━━━ Input for this task
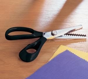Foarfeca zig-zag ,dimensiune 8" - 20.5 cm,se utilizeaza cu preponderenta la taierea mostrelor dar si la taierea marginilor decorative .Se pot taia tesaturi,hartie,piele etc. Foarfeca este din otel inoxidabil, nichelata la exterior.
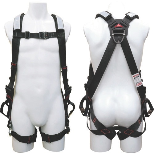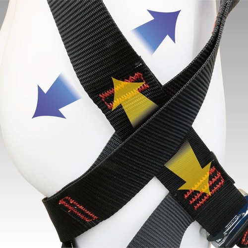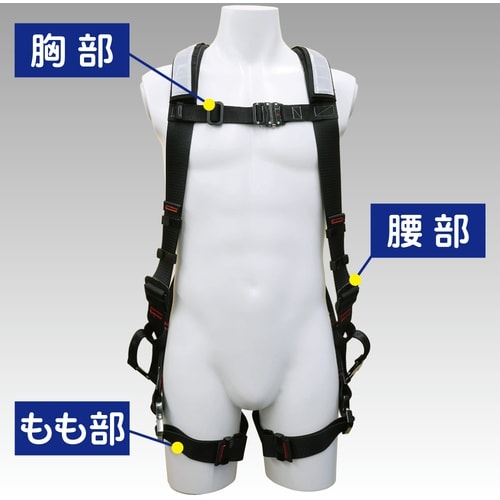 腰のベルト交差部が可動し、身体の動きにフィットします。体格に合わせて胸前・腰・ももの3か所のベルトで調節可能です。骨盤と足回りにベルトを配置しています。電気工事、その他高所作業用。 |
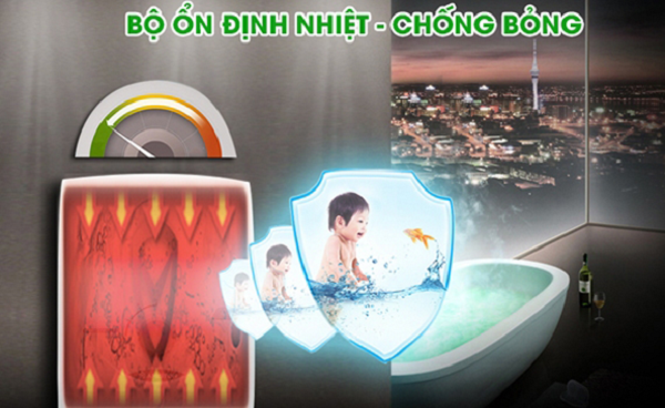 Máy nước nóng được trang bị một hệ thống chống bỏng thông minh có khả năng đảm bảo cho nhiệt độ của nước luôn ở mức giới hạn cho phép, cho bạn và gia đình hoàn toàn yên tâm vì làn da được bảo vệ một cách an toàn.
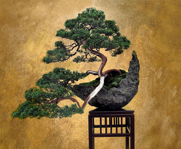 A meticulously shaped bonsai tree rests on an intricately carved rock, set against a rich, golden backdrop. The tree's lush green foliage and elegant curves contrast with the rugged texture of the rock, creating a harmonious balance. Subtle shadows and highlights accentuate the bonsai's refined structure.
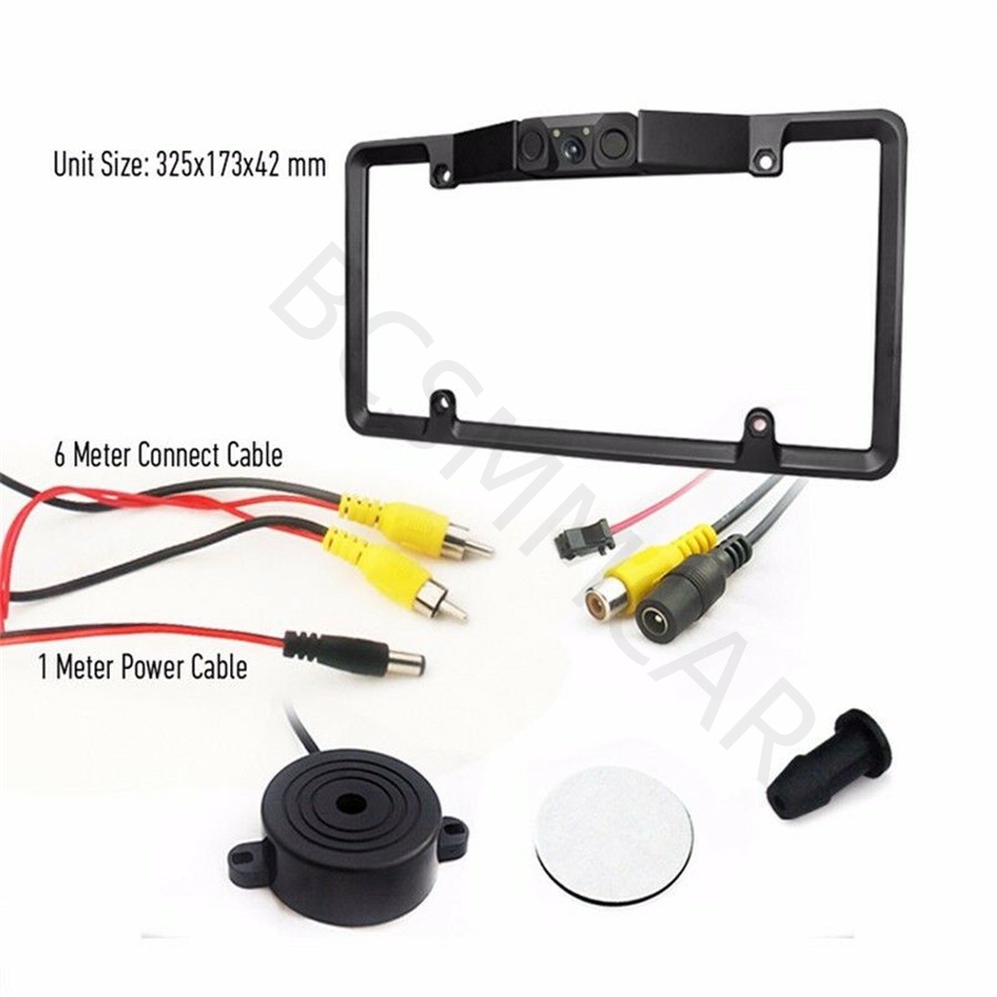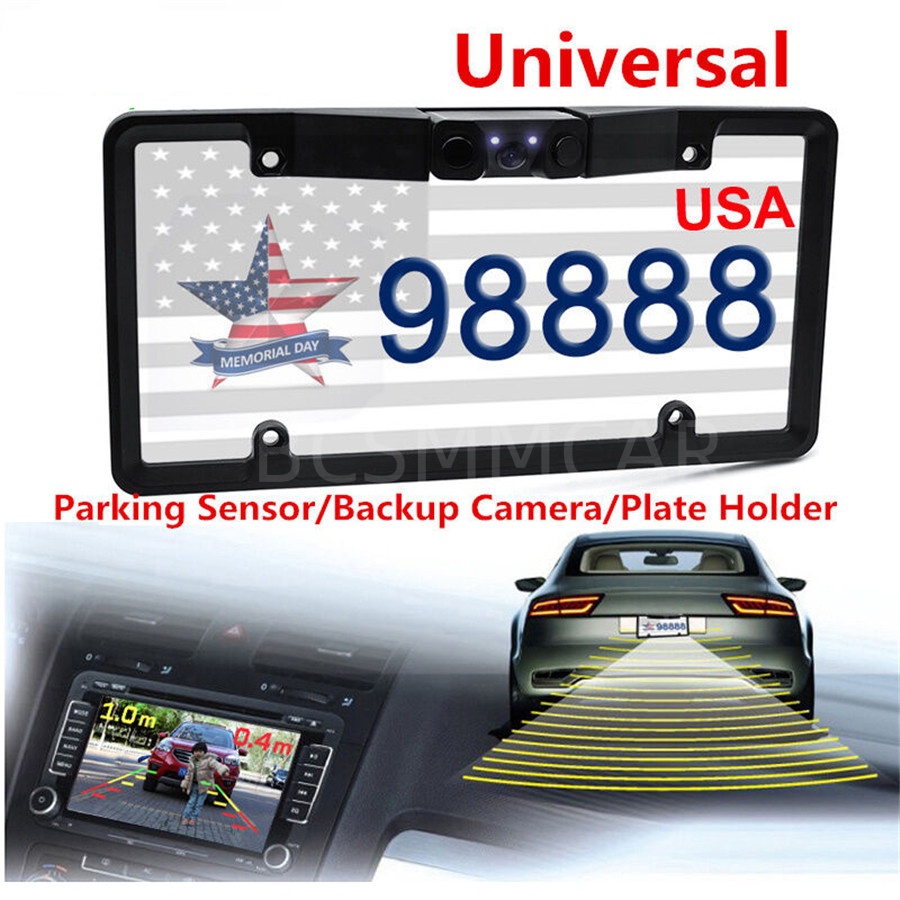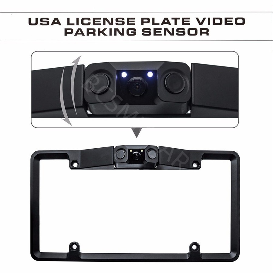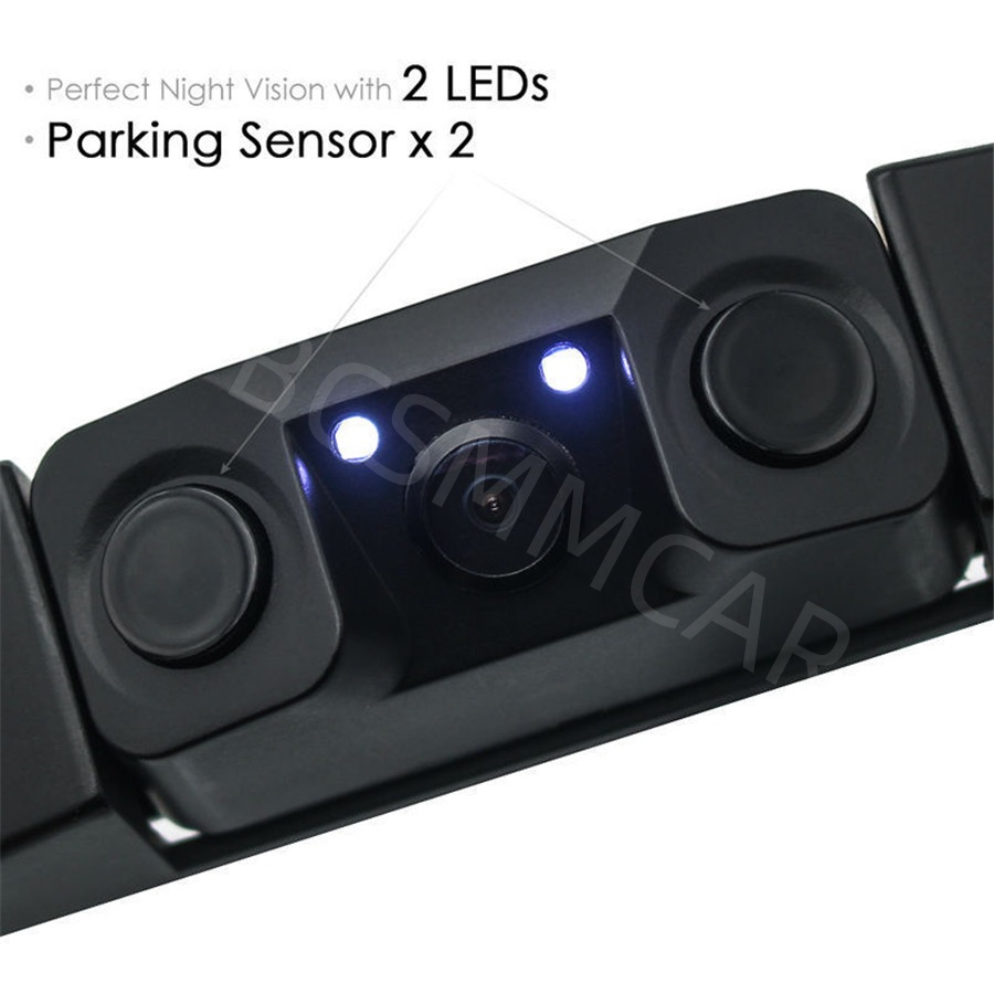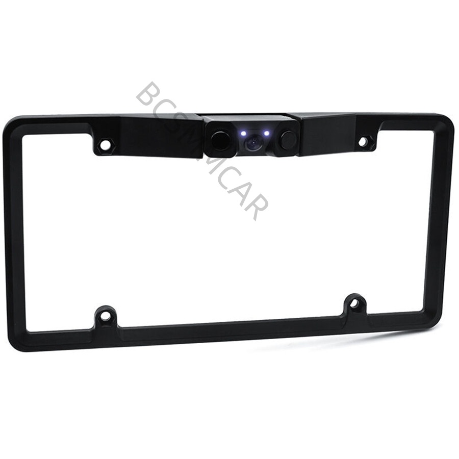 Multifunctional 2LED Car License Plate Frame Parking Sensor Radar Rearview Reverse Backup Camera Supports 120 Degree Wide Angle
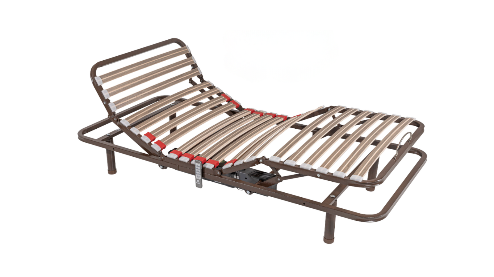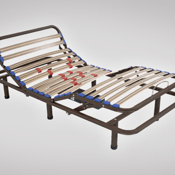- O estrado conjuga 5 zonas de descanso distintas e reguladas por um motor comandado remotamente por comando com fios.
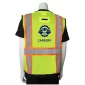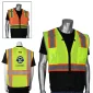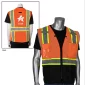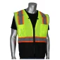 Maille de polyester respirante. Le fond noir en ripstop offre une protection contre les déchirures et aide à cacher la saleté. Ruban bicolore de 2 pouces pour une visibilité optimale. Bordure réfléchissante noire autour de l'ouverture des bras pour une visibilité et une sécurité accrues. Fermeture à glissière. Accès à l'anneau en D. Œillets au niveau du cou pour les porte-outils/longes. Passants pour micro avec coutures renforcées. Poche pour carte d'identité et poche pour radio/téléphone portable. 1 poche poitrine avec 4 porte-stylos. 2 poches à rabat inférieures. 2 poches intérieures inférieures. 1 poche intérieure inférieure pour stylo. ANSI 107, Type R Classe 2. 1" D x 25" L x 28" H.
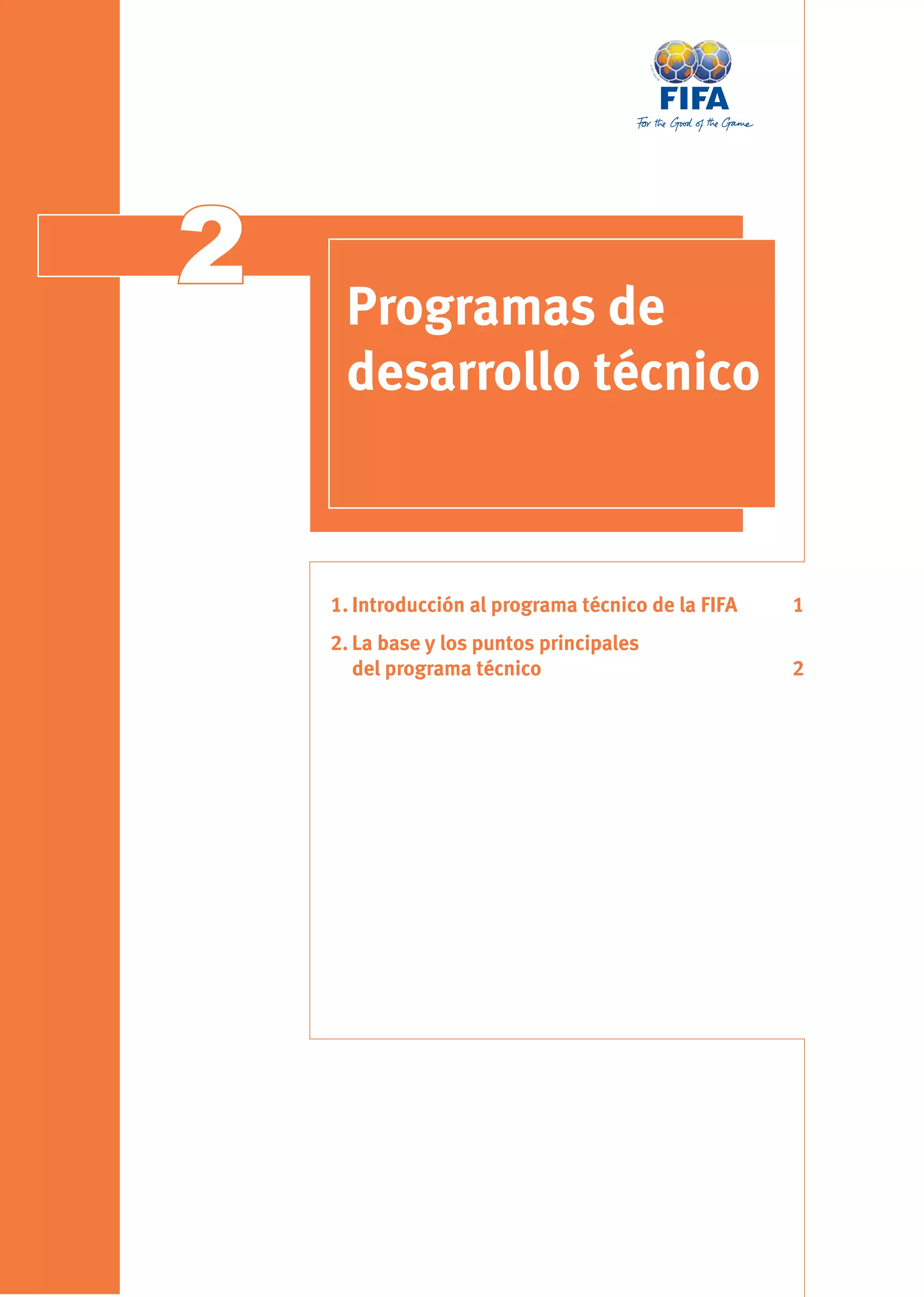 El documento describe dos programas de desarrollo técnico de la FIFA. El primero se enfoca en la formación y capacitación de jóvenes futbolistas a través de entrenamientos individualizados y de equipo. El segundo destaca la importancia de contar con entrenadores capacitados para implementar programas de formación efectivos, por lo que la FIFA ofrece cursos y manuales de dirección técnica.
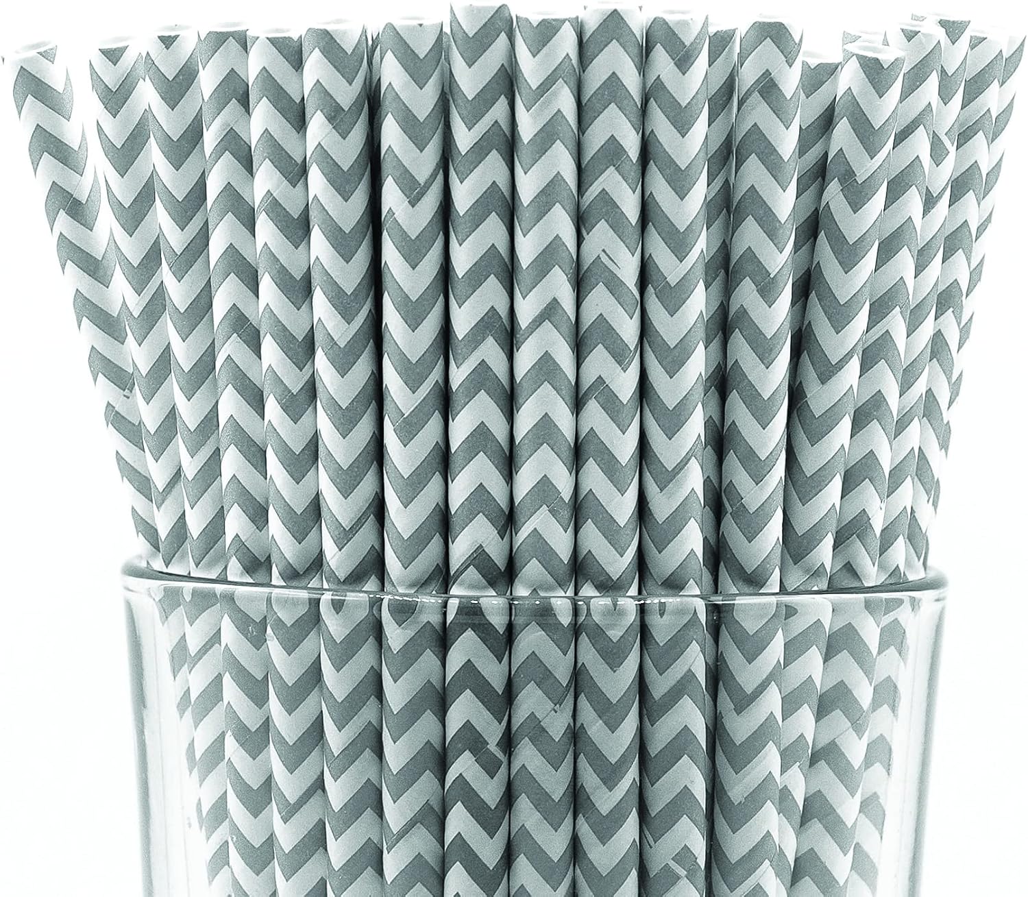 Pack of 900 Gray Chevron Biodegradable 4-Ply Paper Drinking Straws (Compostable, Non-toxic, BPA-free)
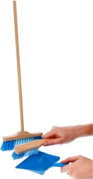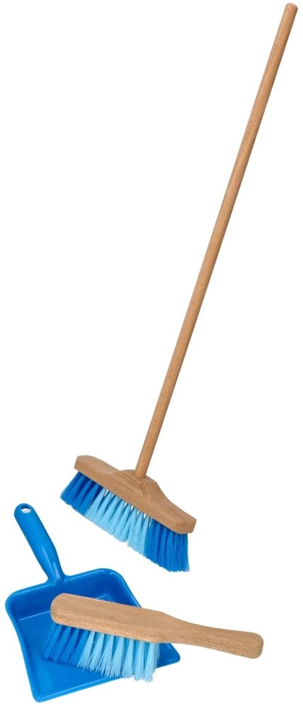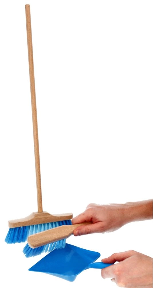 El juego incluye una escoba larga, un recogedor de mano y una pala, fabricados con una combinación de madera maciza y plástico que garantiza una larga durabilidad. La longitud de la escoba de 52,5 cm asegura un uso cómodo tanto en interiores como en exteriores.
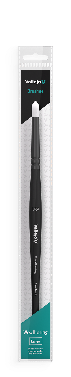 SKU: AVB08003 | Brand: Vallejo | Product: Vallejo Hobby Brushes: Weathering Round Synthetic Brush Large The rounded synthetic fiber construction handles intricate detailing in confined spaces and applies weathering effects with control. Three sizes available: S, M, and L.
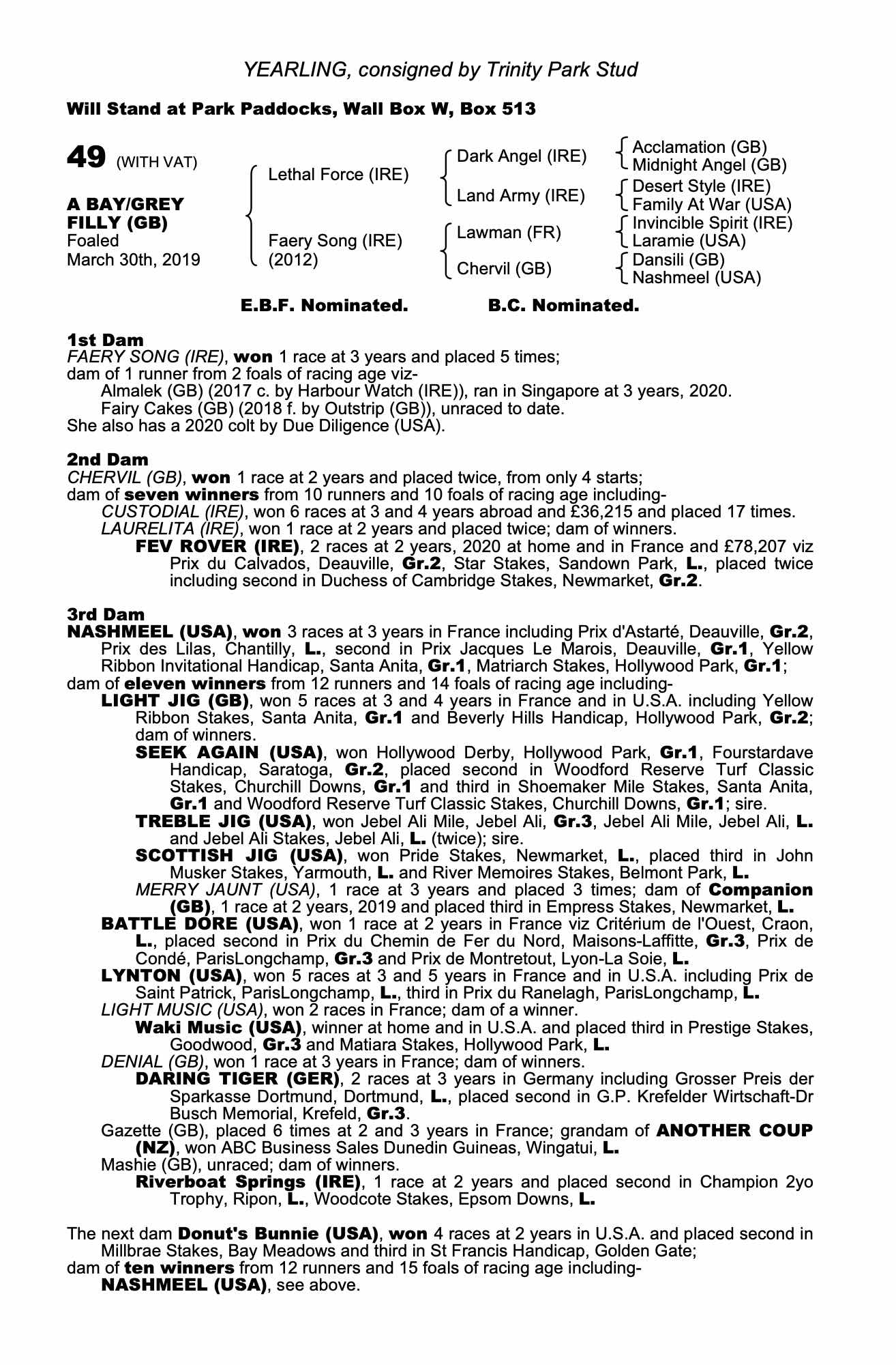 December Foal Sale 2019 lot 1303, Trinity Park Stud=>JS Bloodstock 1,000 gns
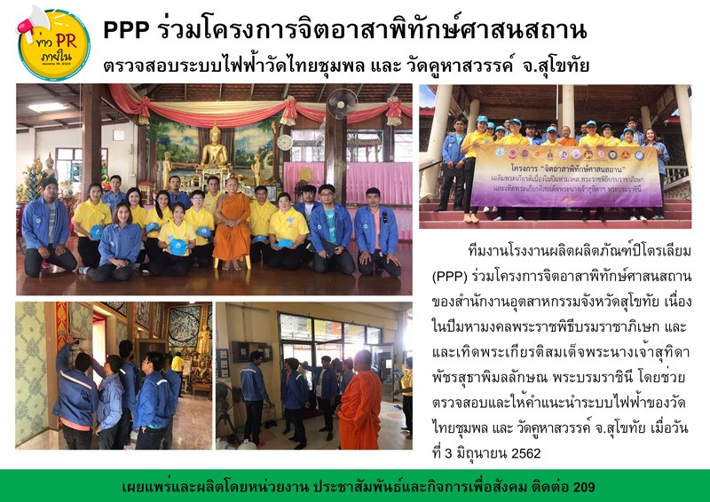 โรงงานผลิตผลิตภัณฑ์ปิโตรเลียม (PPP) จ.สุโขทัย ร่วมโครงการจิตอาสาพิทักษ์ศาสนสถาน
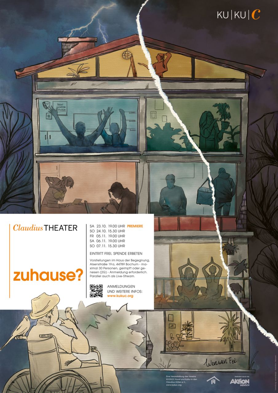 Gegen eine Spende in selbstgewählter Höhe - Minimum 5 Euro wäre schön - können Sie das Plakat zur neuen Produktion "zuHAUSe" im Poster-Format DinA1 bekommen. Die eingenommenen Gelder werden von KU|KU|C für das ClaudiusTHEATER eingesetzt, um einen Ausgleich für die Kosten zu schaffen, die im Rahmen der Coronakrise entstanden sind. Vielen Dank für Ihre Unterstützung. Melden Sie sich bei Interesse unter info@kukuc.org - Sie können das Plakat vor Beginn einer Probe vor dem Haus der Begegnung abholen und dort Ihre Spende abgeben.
━━━━━━
* _Instructions to follow_: Starting at the line that contains "December Foal Sale", restate every line through the end of the records exactly as written, but leave the pictures out.

* _Output_:
 December Foal Sale 2019 lot 1303, Trinity Park Stud=>JS Bloodstock 1,000 gns
 โรงงานผลิตผลิตภัณฑ์ปิโตรเลียม (PPP) จ.สุโขทัย ร่วมโครงการจิตอาสาพิทักษ์ศาสนสถาน
 Gegen eine Spende in selbstgewählter Höhe - Minimum 5 Euro wäre schön - können Sie das Plakat zur neuen Produktion "zuHAUSe" im Poster-Format DinA1 bekommen. Die eingenommenen Gelder werden von KU|KU|C für das ClaudiusTHEATER eingesetzt, um einen Ausgleich für die Kosten zu schaffen, die im Rahmen der Coronakrise entstanden sind. Vielen Dank für Ihre Unterstützung. Melden Sie sich bei Interesse unter info@kukuc.org - Sie können das Plakat vor Beginn einer Probe vor dem Haus der Begegnung abholen und dort Ihre Spende abgeben.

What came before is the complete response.